Oleh: M Husnaini
“Kebanyakan pemimpin-pemimpin rakyat belum berani mengorbankan harta benda dan jiwanya untuk berusaha tergolongnya umat manusia dalam kebenaran. Malah pemimpin-pemimpin itu biasanya hanya mempermainkan, memperalat manusia yang bodoh-bodoh dan lemah.”
Pelajaran keenam dari 7 Falsafah Ajaran KH Ahmad Dahlan ini dicatat KRH Hadjid (2013) tanpa diberi keterangan sama sekali di bawahnya. Boleh jadi dianggap sudah jelas maksudnya, atau karena intinya sudah terangkum dalam beberapa penjelasan di bagian lain.
Kepemimpinan adalah tugas yang sering dibicarakan KH Ahmad Dahlan. Bisa dipahami, karena pemimpin adalah faktor utama dan pertama dalam komunitas atau masyarakat di mana pun. Dalam ajaran Islam, jika beberapa orang melakukan perjalanan, Rasulullah perintahkan agar diangkat salah satu dari mereka sebagai pemimpin.
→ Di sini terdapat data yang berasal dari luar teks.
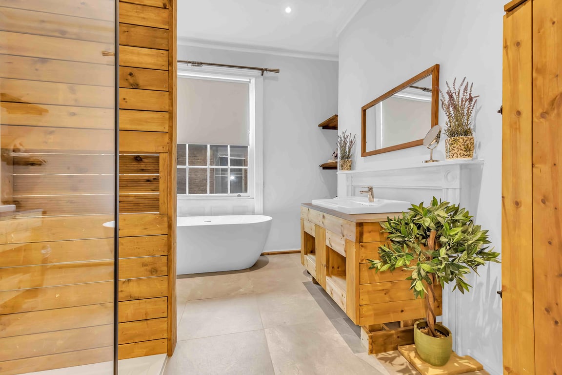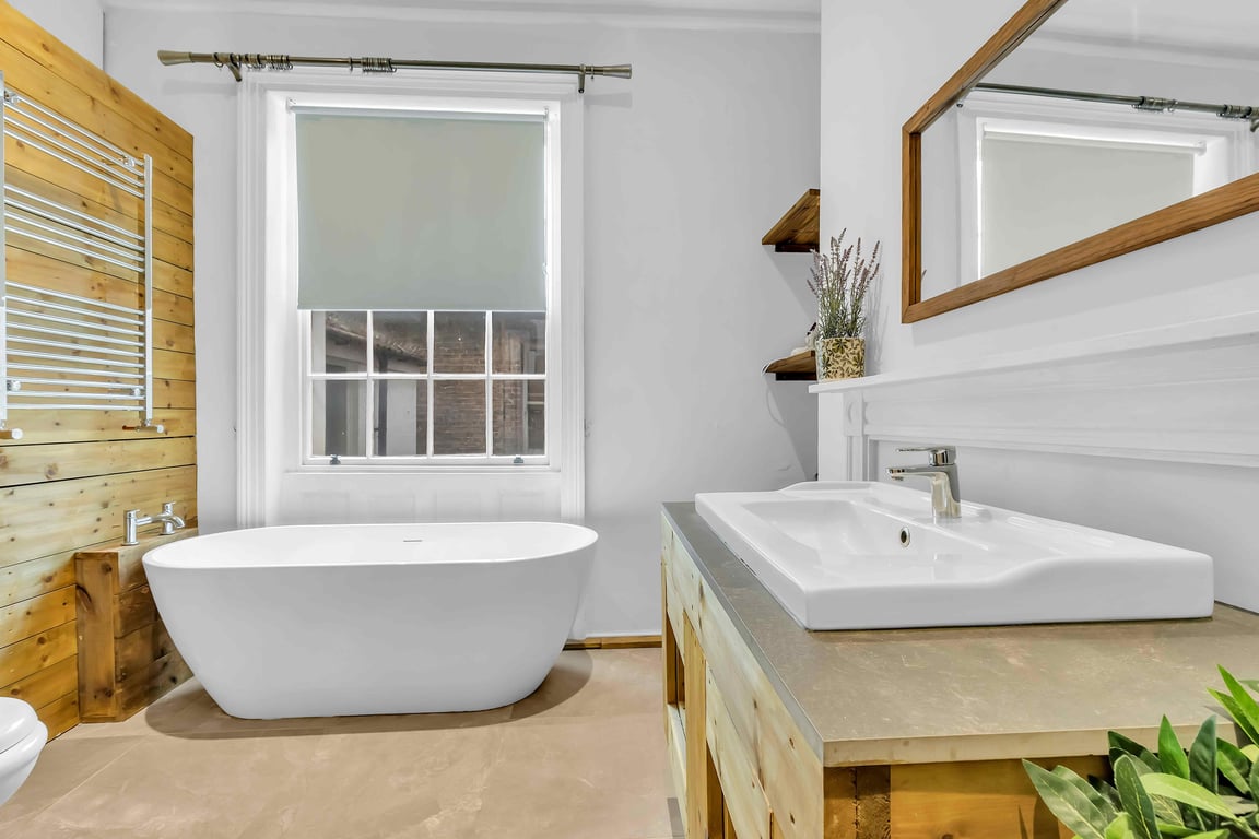 Welcome to Grafton Rustic, a beautifully styled studio apartment set in the heart of Brighton’s lively Kemptown. Sleeping up to 2 guests, with modern decor, rustic wooden touches, and a king-size bed, it's perfect for couples or professionals seeking comfort and style. Just a short stroll from the Lanes with its boutique shops, cafés, cinemas, and pubs – and only minutes from Brighton Pier and beach. The spacious, boutique-styled studio apartment has an open plan feel to it with a bright living space and a large bathroom with a walk-in shower and a separate bath.

Kualitas pemimpin sangat menentukan masa depan masyarakat yang dipimpinnya. Pemimpin berbeda dari manusia umumnya. “Apabila tindakanmu dapat menginspirasi orang lain untuk bercita-cita lebih tinggi, belajar lebih semangat, dan bekerja lebih produktif, engkaulah pemimpin”. Kutipan kalimat dari Zaigham Abbas, seorang pakar Gastroenterologi dari Pakistan, tersebut menegaskan bahwa pemimpin, minimal, harus seorang yang ispiratif.
Negara Madinah menjadi teladan dalam peradaban karena Rasulullah memang pribadi hebat dalam segala bidang dan urusan. Kebesaran Islam hingga kini juga cermin kehebatan Rasulullah sebagai pembawanya. Belum ada pemimpin di dunia yang mengungguli kesuksesan Rasulullah.
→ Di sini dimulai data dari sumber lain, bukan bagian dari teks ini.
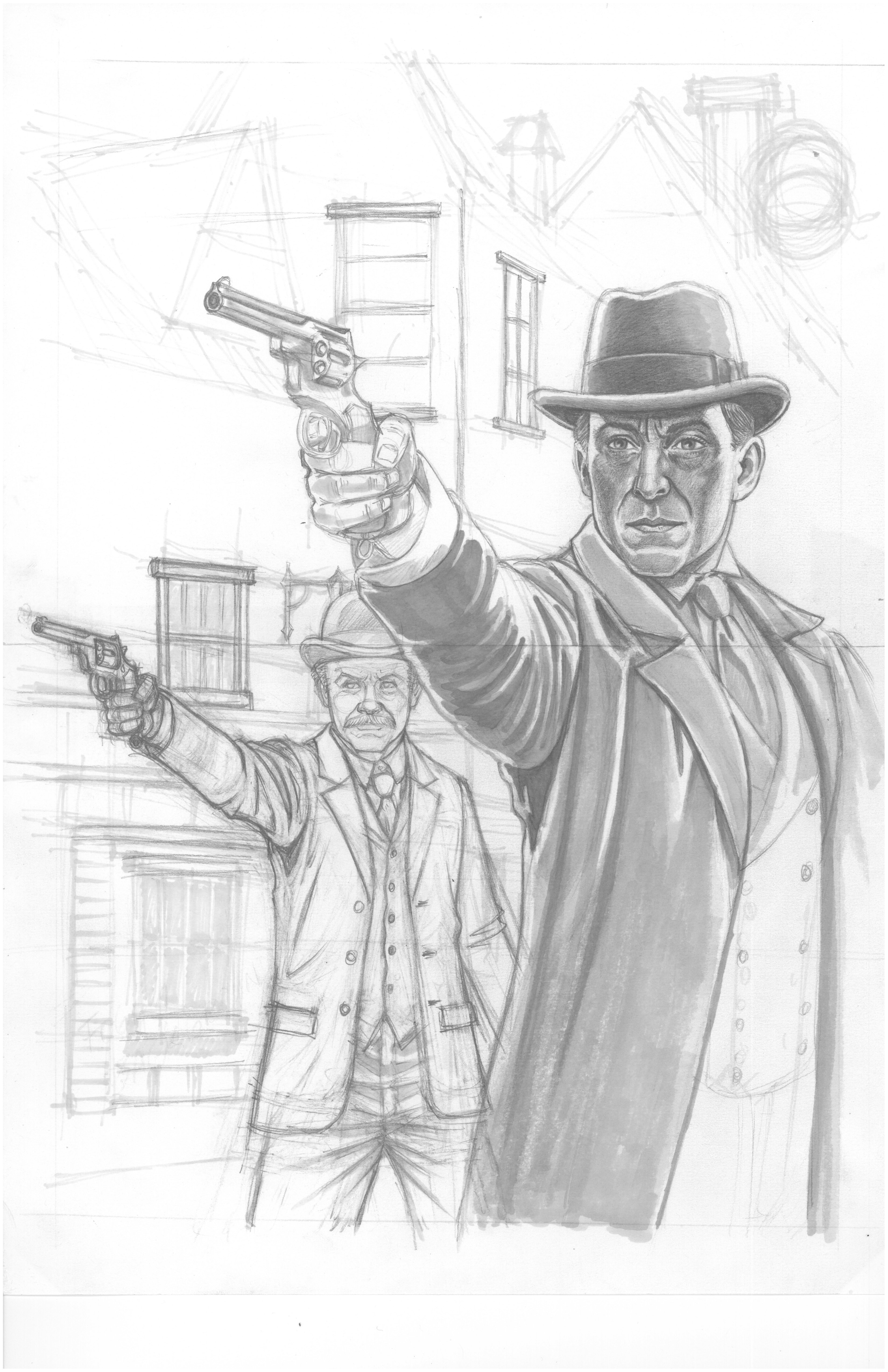 We’ve already shown you some of Rob Davis’ marvelous interior illustrations to our next pulp release, SHERLOCK HOLMES – CONSULTING DETECTIVE Vol 7. Above is a peek at the start of the cover to be painted by artist Michael Youngblood. Rob assisted Michael by doing up a rough sketch which Michael tend took did his own complete version. Of course whereas Rob’s favorite actor to portray the great detective was the late Jeremy Brett, it is no coincident that this particular Holmes will look a whole lot like that wonderful actor.
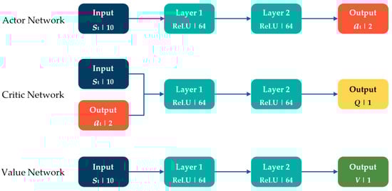 SAC is a Deep RL (DRL) actor-critic algorithm that uses an off-policy approach, which distinguishes between the data collection policy and the agent policy during the learning process through an entropy regularization framework []. This algorithm uses a replay buffer to store past experiences and reuse them, so it reduces the need for the agent to collect new samples all the time in each iteration. SAC employs three neural networks that not only compute the action predictions for the current state but also generate a temporal-difference error signal for every time step. These three networks are the actor network to approximate the policy, the value network to approximate the state value, and finally, the critic network to approximate the Q-value [].

KH Ahmad Dahlan menyadari itu, dan dia sering mengutip ungkapan ulama besar Abu Hamid Al-Ghazali, “Kerusakan rakyat disebabkan kerusakan raja-raja (pemimpin-pemimpin negara), dan kerusakan raja-raja disebabkan kerusakan ulama (karena tidak berani memberikan nasihat).”
“Apabila pemimpin-pemimpin negara dan para ulama baik,” lanjut KH Ahmad Dahlan, “maka baiklah alam. Dan apabila pemimpin-pemimpin negara dan para ulama rusak, maka rusaklah alam dan negara (masyarakat dan negara).”
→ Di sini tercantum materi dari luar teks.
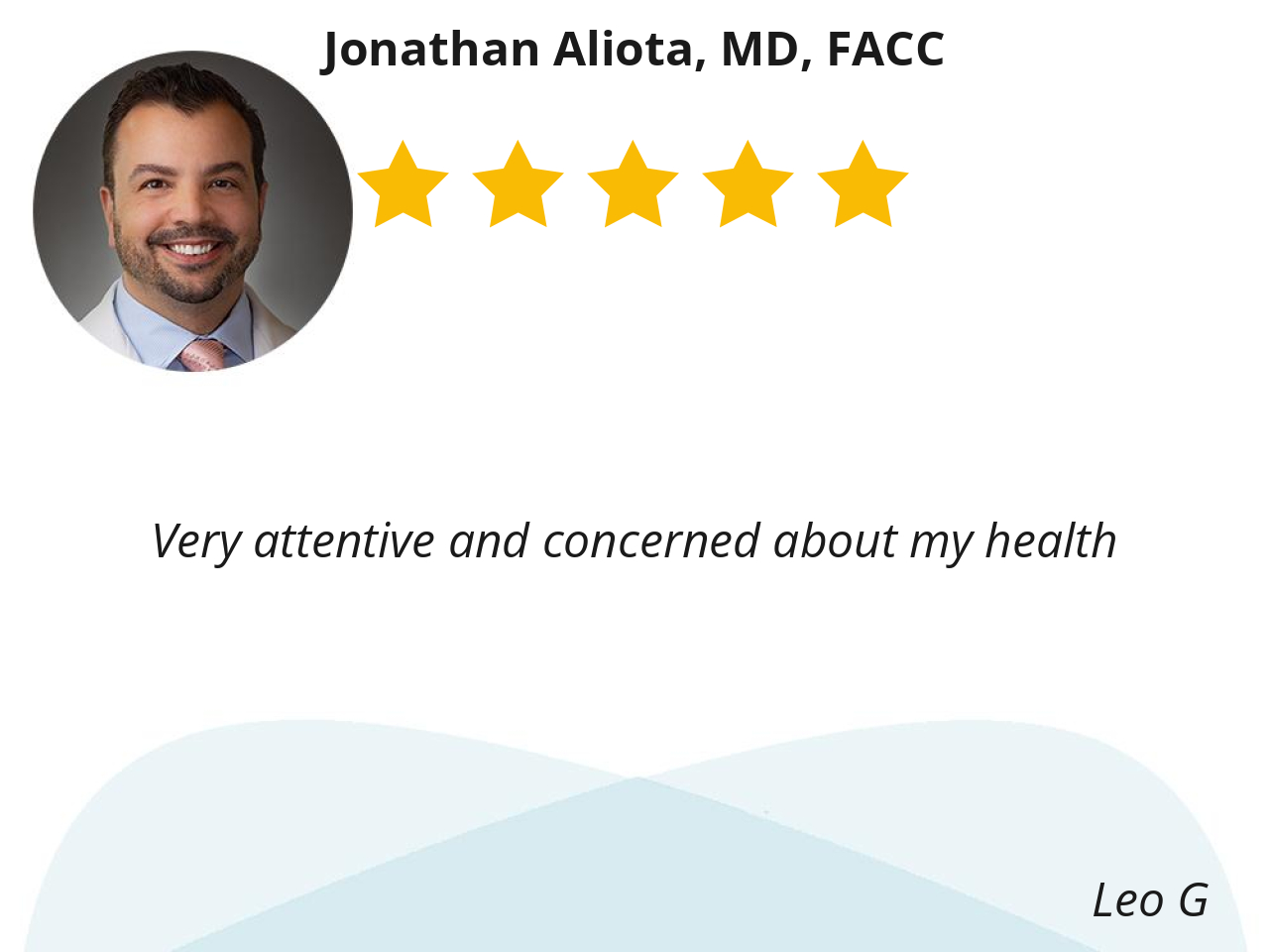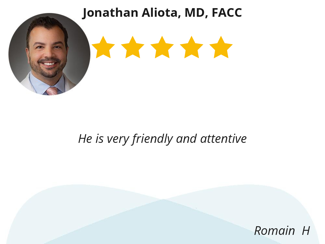 I am grateful for the care and expertise provided by Dr. Aliota and his staff. Over time, his management of my cardiac health problems has played a vital role in keeping me stable and healthy. His attentive approach, clear communication, and genuine concern for my well-being have made a significant difference to my health.

Dalam kaitan itu, KH Ahmad Dahlan senantiasa mengajak setiap kita untuk memperbaiki diri, dan kemudian memperbaiki orang lain. Jadi, sebelum mengajak orang lain untuk menjadi baik, diri sendiri harus mau dan mampu berbuat baik terlebih dahulu. Membersihkan masyarakat itu dimulai dari membersihkan diri sendiri.
“Wahai orang-orang yang beriman, peliharalah dirimu dan keluargamu dari api neraka,” tegas Al-Qur’an surah At-Tahrim/66: 6. Jadi, hanya orang selamat yang dapat menyelamatkan orang lain. Logika sederhana, bagaimana mungkin menyelamatkan orang tenggelam di dalam sumur kalau diri sendiri belum mentas atau malah hampir tenggelam.
Tetapi, harus diakui, menjadi pemimpin memang sulit. Menjabat ketua dalam sebuah organisasi, komunitas, paguyuban, perkumpulan, dan semisalnya tidak otomatis menyebabkan seseorang disebut pemimpin. Banyak ketua-ketua suatu organisasi yang sebenarnya belum pas disebut pemimpin.
Secara manajerial, misalnya, seorang pemimpin tidak sekadar mampu merangkul. Banyak konflik mencuat tidak dapat reda hanya sekadar dirangkul. Manakala hanya dirangkul, sering kali pihak-pihak yang terlibat konflik malah pukul-pukulan dalam rangkulan pemimpin. Lebih dari sekadar itu, pemimpin harus mampu memutuskan pilihan yang paling bagus di antara yang paling buruk.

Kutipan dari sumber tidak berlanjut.